One of the focus of the fiscal policy roadmap of the present government is to “strengthen fiscal/monetary handshake” with focus on deliberate collaboration of fiscal and monetary authorities on policies that will increase the supply of US dollar while also reducing its demand.
The Federal Government N-power program and the London and Paris club refund are two important expansionary fiscal policy programs that is targeted at providing the much needed liquidity in the hand of unemployed and salaries in the hand of civil servants that have been owed salaries for months.
The recent Foreign Exchange availability and subsequent awash by the Apex bank in the attempt to meet up with the demand for invisible transactions while also providing enough FX for both forward and spot LC transactions could not be alluded to the result of the fiscal roadmap or any other deliberate policy achievement. It is the direct impact of the calm in the Niger Delta and the stable price of crude oil in the international market.
Paris club refund
The monetary policy committee chaired by the CBN governor in its meeting on Tuesday held the monetary policy rate at 14% apparently in respond to the 2 digits inflation rate against the targeted 6 to 9%. According to the CBN governor “Price pressures continue, and loosening would exacerbate them while tightening would portray the bank as insensitive to concerns about growth”.
This decision of the MPC is coming at a time when inflation eased to 17.8% in February after it rose to a 15 years high of 18.84% in November 2016. The ease of the Nigerian inflation rate can only be an indirect impact of stable price of crude oil and the ability of the country to increase crude oil production owing to peace in the Niger Delta and the subsequent effect of availability of FX for importers of raw materials for production. Inflation rate can only continue to go down as long as FX is available to manufacturers who are heavily dependent on importation for their productions.
Paris club refund
The policy handshake between the fiscal and monetary authorities is a much needed collaboration for a country like Nigeria that lacks but needs economic direction. The Nigerian economy is currently running on “by Gods grace”or better still “laissez faire” and policy collaboration can only assist the market to move faster in the direction that the freehand moves it.

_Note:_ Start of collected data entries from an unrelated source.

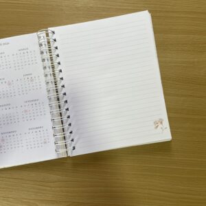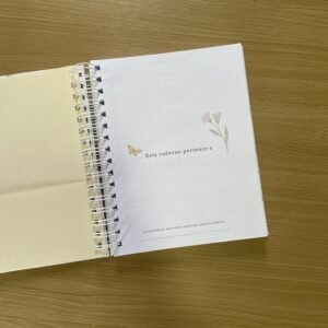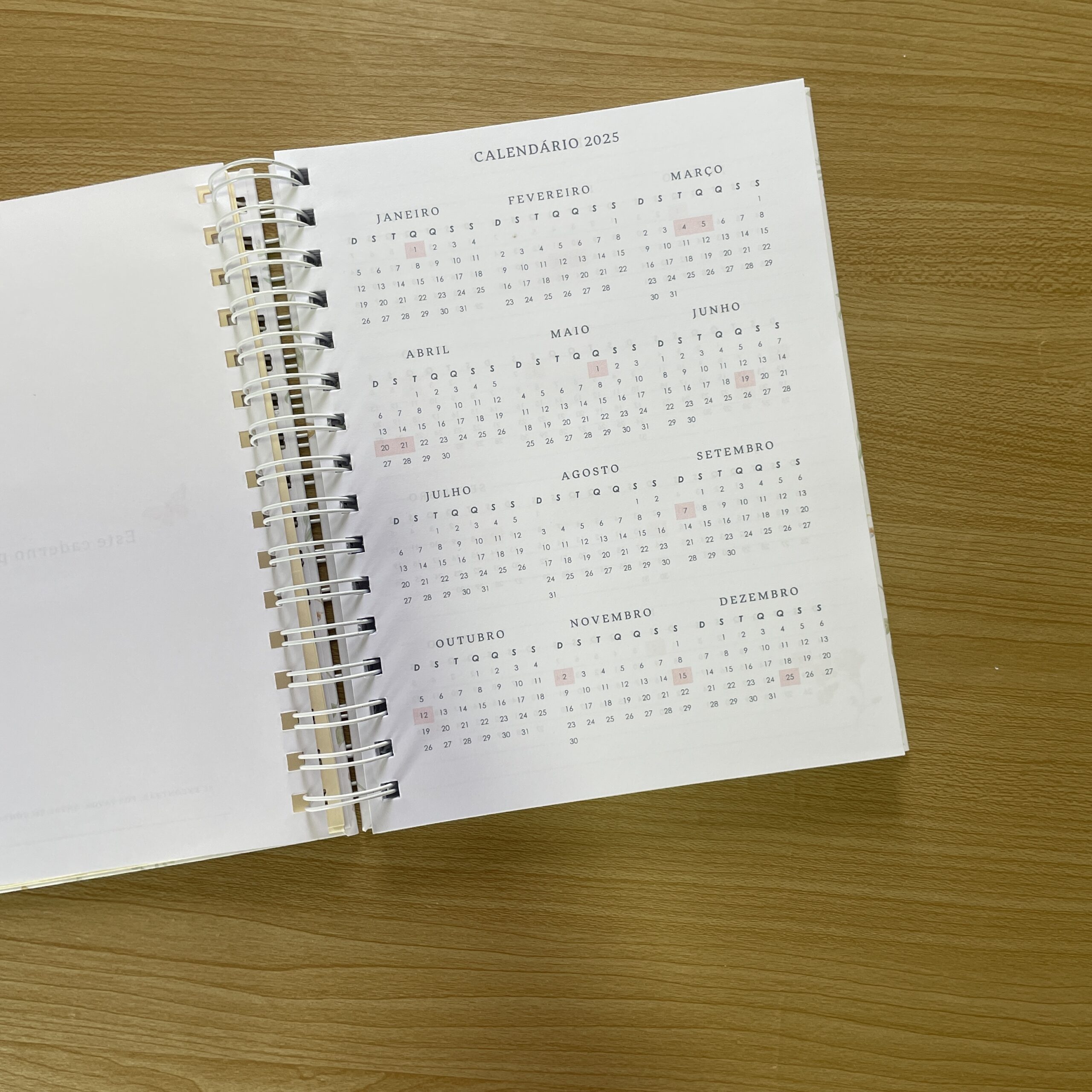 • Páginas: 120 folhas / 240 páginas pautadas com ilustração de flor no rodapé + calendário 2025/2026 + página inicial
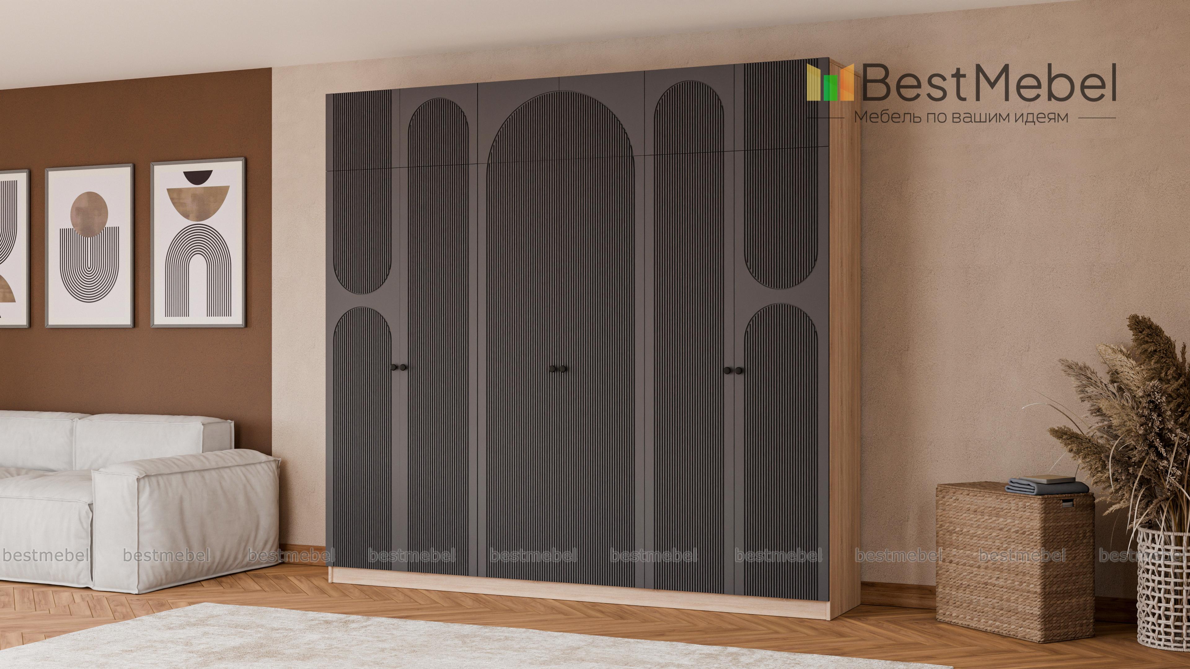 Шкаф распашной Рене 32 BMS с антресолью предоставляет еще больше места для хранения ваших вещей. Дополнительные секции сверху позволяют разместить в этом шестидверном шкафу как одежду и обувь, так и объемные постельные принадлежности. Светлые тона скрадывают габариты модели, а фрезеровка и арочные вырезы на фасадах добавляют легкости. Купить шкаф распашной Рене 32 BMS вы сможете на сайте нашего интернет-магазина в нужном размере и любых оттенках из каталога.
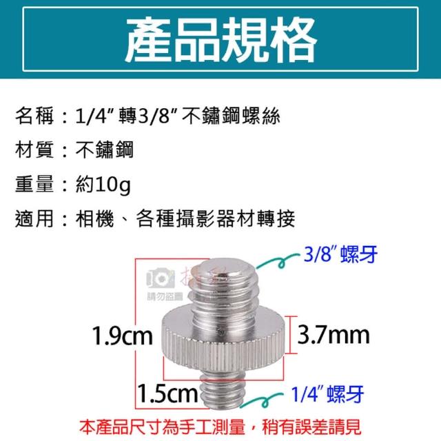 攝彩1/4轉3/8不鏽鋼螺絲(轉換螺絲 雙頭轉接螺絲 相機轉接螺絲 轉接螺帽 四分之一轉八分之三公轉公)
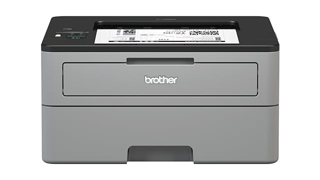 Deze laserprinter met 64 MB werkgeheugen is net als de HP LaserJet Pro M15w bedoeld voor gebruikers die niet al te veel printen. Het relatief lage gewicht van de Brother komt mede door het chassis dat grotendeels van grijze en zwarte kunststof is vervaardigd. Het eenregelige lcd-scherm en de drukknoppen vormen de bedieningsinterface. De afdrukresolutie is 1.200 dpi en de opgegeven afdruksnelheid bedraagt dertig pagina’s per minuut enkelzijdig en vijftien dubbelzijdig. Verbindingen lopen via usb 2.0 of 2,4GHz-wifi (b/g/n). Drum en toner zitten samen in één cassette, maar je kunt wel apart van de drum een nieuwe tonercassette plaatsen. Dit kan tot drie keer als je de XL-toner koopt die drieduizend afdrukken meegaat.
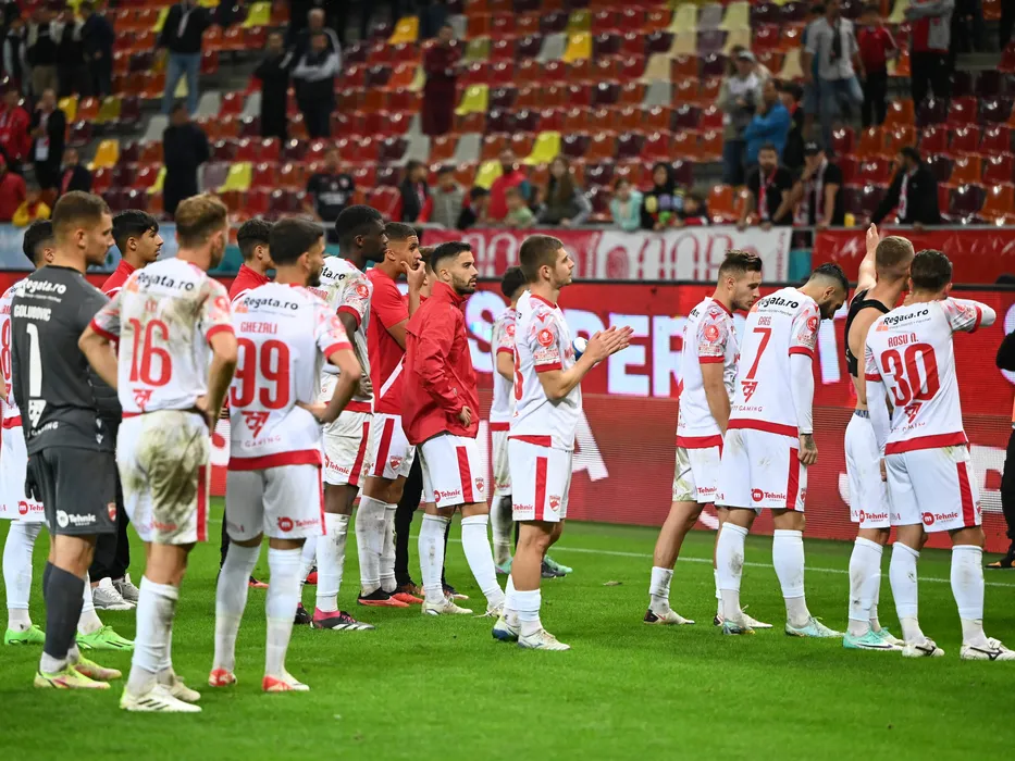 Fotbalistii dinamovisti Quentin Alexandre Julien Bena,Goncalo De Almeida Gregorio,Cristian Ionut Costinsi Dennis Dorin Politic saluta galeria dupa meciul de fotbal dintre Dinamo Bucuresti si Politehnica Iasi, din cadrul Superligii Superbet, desfasurat pe Arena Nationala din Bucuresti, vineri 27 octombrie 2023. © FOTO:Razvan Pasarica/SPORT PICTURES
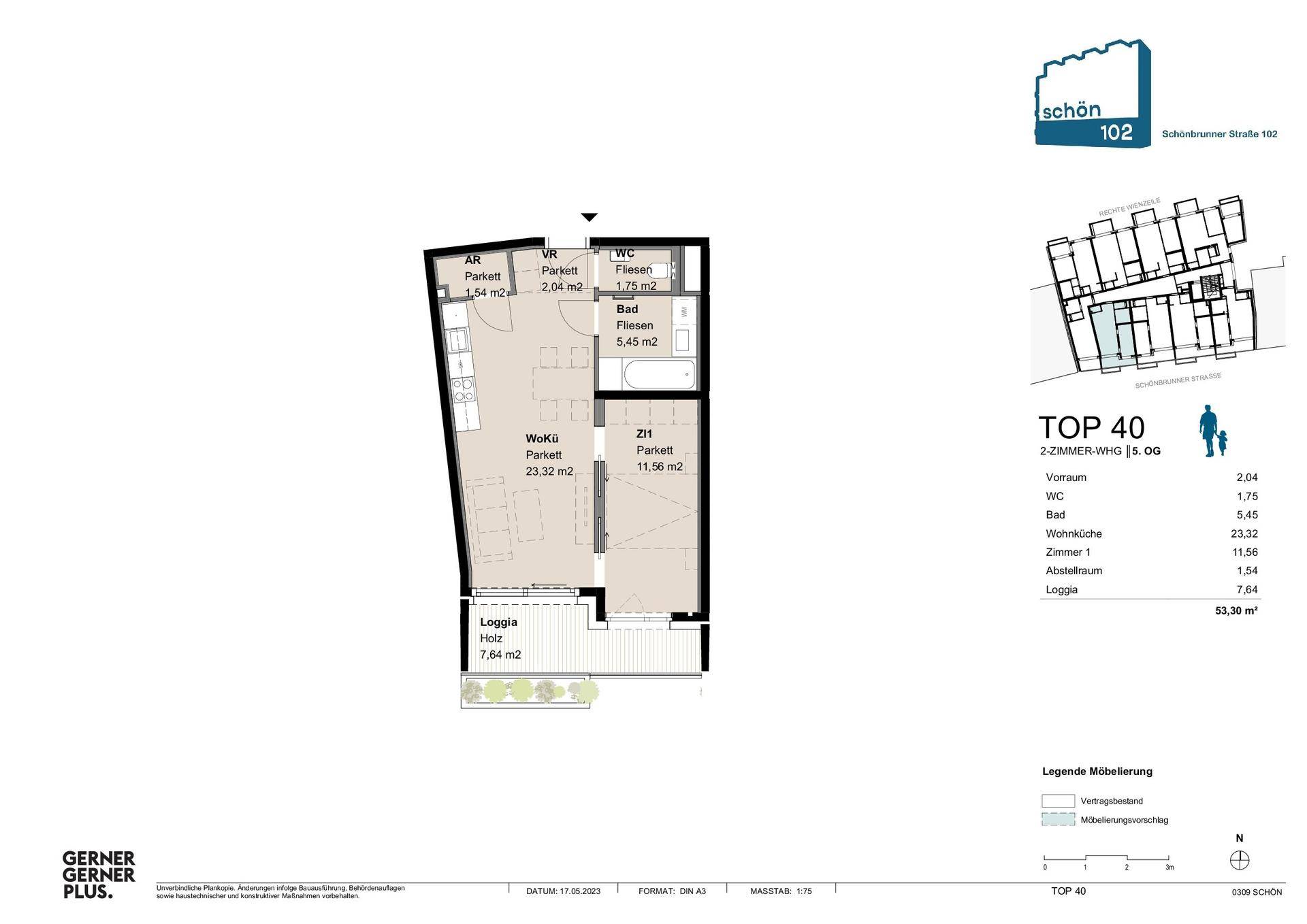 2-Zimmer-Neubauwohnung mit Loggia im 5. Obergeschoss in 1050 Wien

The recession that the Nigerian economy plunged into several months ago was not as a result of deliberate economic mismanagement by the Buhari government but as a result of fall in international price of crude oil and the unrest in the Niger Delta. The current and obvious recovery as postulated by the world bank and other relevant agencies can only be alluded to same causes.
The policy direction of this government after recovery is to push for increase in our external reserve and sovereign wealth funds and also invest heavily in infrastructures and economic diversification so the country may have enough capacity to withstand fall in oil price in future.